English jazz trumpeter (born 1993)

Louis Dowdeswell is an English jazz trumpeter. He is known for his ability in the upper register of the instrument.

==Career==
Dowdeswell played lead trumpet with the National Youth Jazz Orchestra from 2012 to 2014. He graduated from the Royal Academy of Music in 2016.

Throughout his career, Dowdeswell has performed with Jamie Cullum, Al Jarreau, Michael Bublé, Peter Andre, Josh Groban and Alfie Bowe.

He formed the Louis Dowdeswell Big Band, in which he collaborated with fellow trumpeter Wayne Bergeron and trombonist Callum Au. They arranged a series of movie and TV series soundtracks (including Game of Thrones, The Incredible Suite, and Let it Go) for jazz band. He has played soundtracks for movies, including No Time to Die.

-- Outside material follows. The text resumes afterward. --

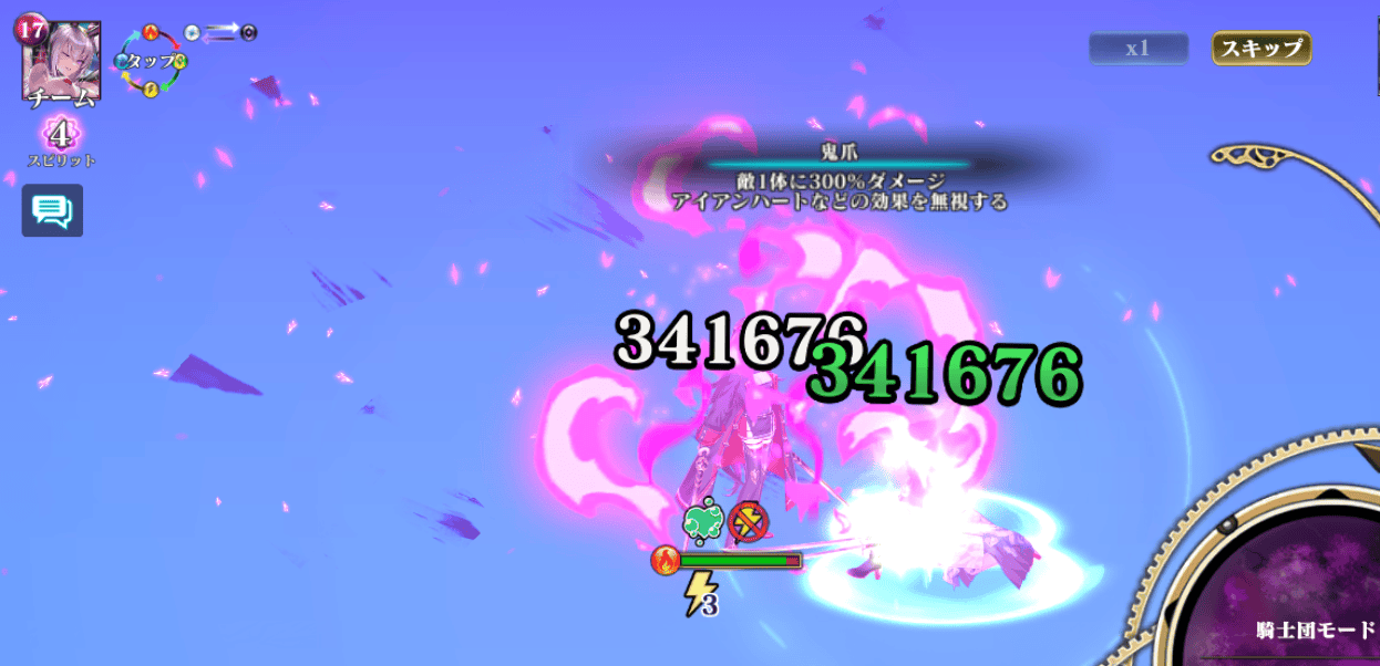 | 使用者は150TUの間、剣鬼になる。このキャラが場に出てから、攻撃で敵を1体も倒していない時のみ使用可能。また、このスキルは使用後、150TUの間ロックされる。 剣鬼の間、このキャラは以下の効果が発動する。 -敵味方問わず任意のキャラのターン終了時、自身のHPが最大値の50%分回復する。 -ちょうど2体を対象にする攻撃を受けない(場に味方が2体のみいる場合の全体攻撃などは、「2体を対象とする攻撃」に含まれない)。 -攻撃力が1.5倍される。この効果は、アンガー系の効果と重複しない。 |

Dowdeswell and Cory Band's performance at the European Brass Band Championship were nominated for 2022 Newcomer of the Year by 2022 4BR Awards.

==Equipment==
Dowdeswell plays on the Yamaha Commercial Trumpet YTR-6335RC and the Yamaha Custom Z YFH-6310Z flugelhorn, and has released a line of custom mouthpieces.